Diageo, Nestlé et Danone ont aussi compris que, pour gagner en Inde et en Chine, il faut être local. Le spécialiste britannique des boissons alcoolisées finalise, à l’heure actuelle, l’achat de l’indien United Spirits, leader mondial des spiritueux en volume et leader local avec 43 % de part de marché dans le whisky. Cette acquisition aurait un triple avantage : se hisser en Inde au niveau du grand concurrent Pernod Ricard ; profiter d’un marché des spiritueux en hausse de 15 % par an, tout en évitant des taxes à l’importation très élevées (150 %) ; et attaquer l’Afrique avec de nouveaux produits et de nouvelles marques.
En Chine, Nestlé a acquis pour 1,7 milliard de dollars Hsu Fu Chi, un confiseur avec une gamme très adaptée aux goûts locaux, d’après OC&C. Dans ce cas également, c’est la famille qui continue de gérer l’entreprise. Danone, pour sa part, en mai dernier, est devenu actionnaire stratégique, c’est-à-dire minoritaire, de Mengniu, avec lequel il a créé une coentreprise, avec 13 usines, permettant de combiner l’expertise en matière d’innovation et de qualité du français et le leadership et le réseau de distribution de son partenaire.

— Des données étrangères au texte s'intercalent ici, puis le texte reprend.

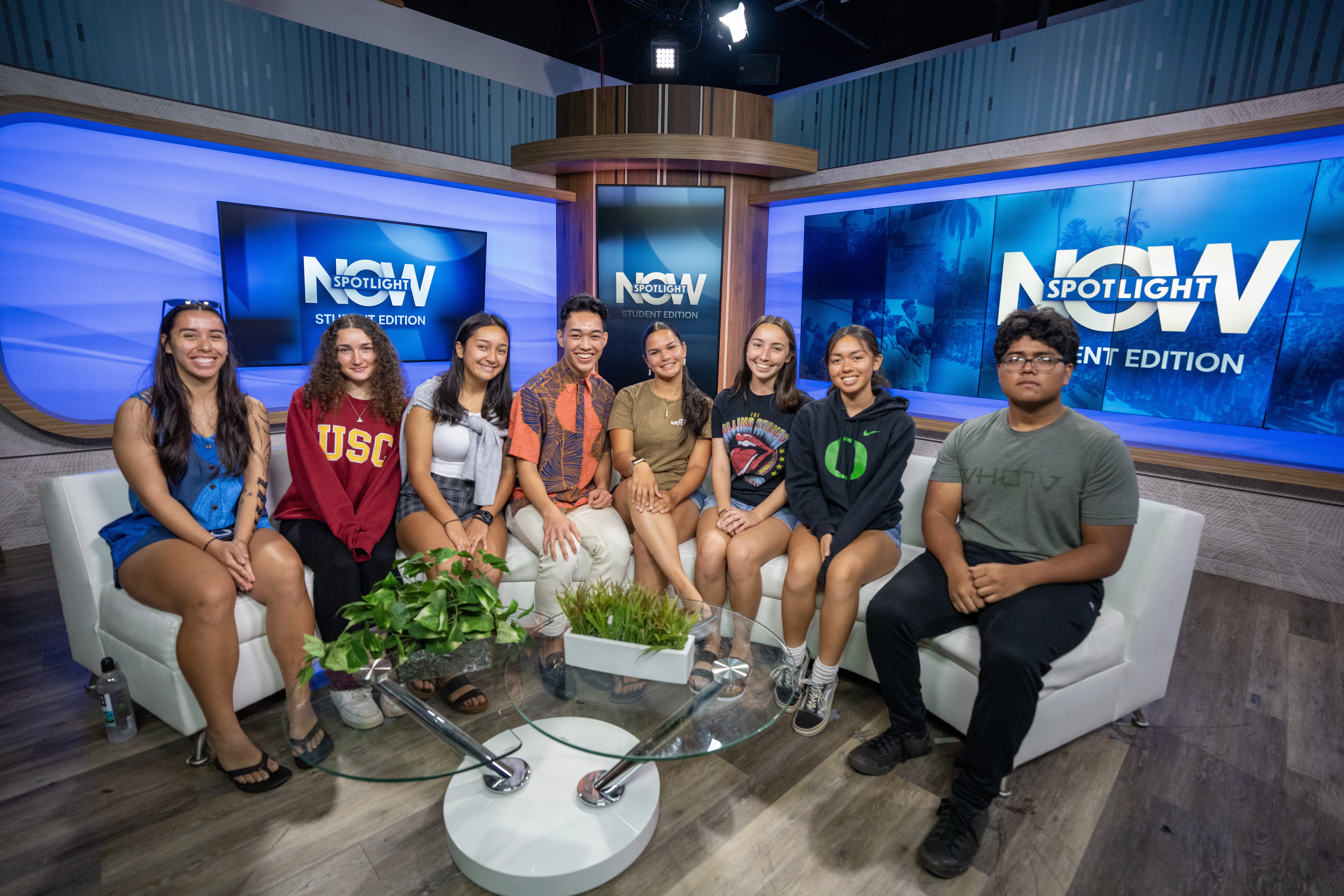 The student team from left to right: Kailie Kalepa, Leilani Vares, Hokūala English, Jai Viela, Kamalei Pahukula, Caroline Sloper, Kadence Merritt, and Ikaika Baccos collaborated on the Maui campus’ "Spotlight Now: Student Edition."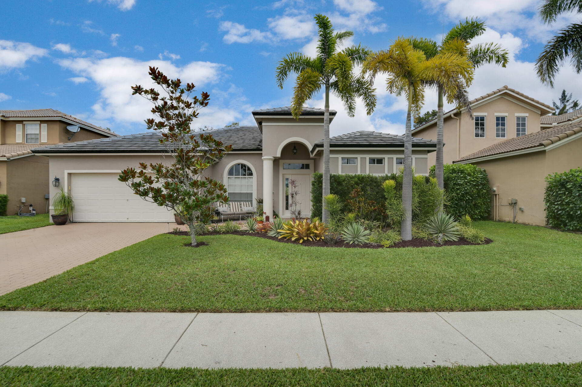 Elegant and spacious 4 bedroom plus den home in exclusive community of Stonehaven. NEW ROOF!!! Come inside and be greeted by spacious living areas, along with an inviting custom kitchen & laundry. All of the bedrooms are spacious as well and offer ample closet space. Outside you will enjoy a beautiful private backyard and is located just minutes to the Turnpike, I-95, Wellington, Boynton Beach, Downtown West Palm Beach, gorgeous area beaches and 3 international airports. Community is a well maintained community which offers its residents many resort style amenities.

L’Afrique, nouvelle frontière des géants mondiaux
« Preuve que les champions mondiaux peinent à effectuer des acquisitions en Inde et en Chine, note Jean-Daniel Pick, plus de 90 % du chiffre d’affaires racheté par le Top 50 dans les Bric entre 2005 et 2013 est généré par des cibles brésiliennes et russes ». A côté des Bric, ces champions mondiaux s’intéressent aussi aux Mint, concept lancé par la société Fidelity Investments pour désigner la Mexique, l’Indonésie, le Nigeria et la Turquie.
En Afrique, 29 champions sur 50, en majorité européens, sont présents. « En nombre c’est encore peu, mais au Nigeria Nestlé réalise des marges de 22 % dans les PGC », pointe Frédéric Fessart, associate partner du cabinet OC&C. Le Nigeria est aussi le deuxième débouché extérieur en volume pour Guiness (Diageo). « On s’attend dans les années à venir à une accélération des rachats de petits acteurs locaux dans les pays d’Afrique subsaharienne par des grands noms planétaires de la grande consommation », confie encore Frédéric Fessart.
Globalement, les 50 leaders devraient poursuivre leur croissance cette année. Au premier trimestre, les quatre leaders ont enregistré une croissance interne de 4,1 %, « mais, dans les pays émergents, ce chiffre dépasse 10 % », dévoile Jean-Daniel Pick. Alors que la consommation est atone en Europe, ce sont, les Bric et l’Afrique qui doperont la croissance du Top 50. Pour autant, les champions des pays émergents, eux, ciblent également l’Europe. En y saisissant des opportunités de rachat ou de partenariat, ils savent qu’ils peuvent alors accéder à des marchés développés.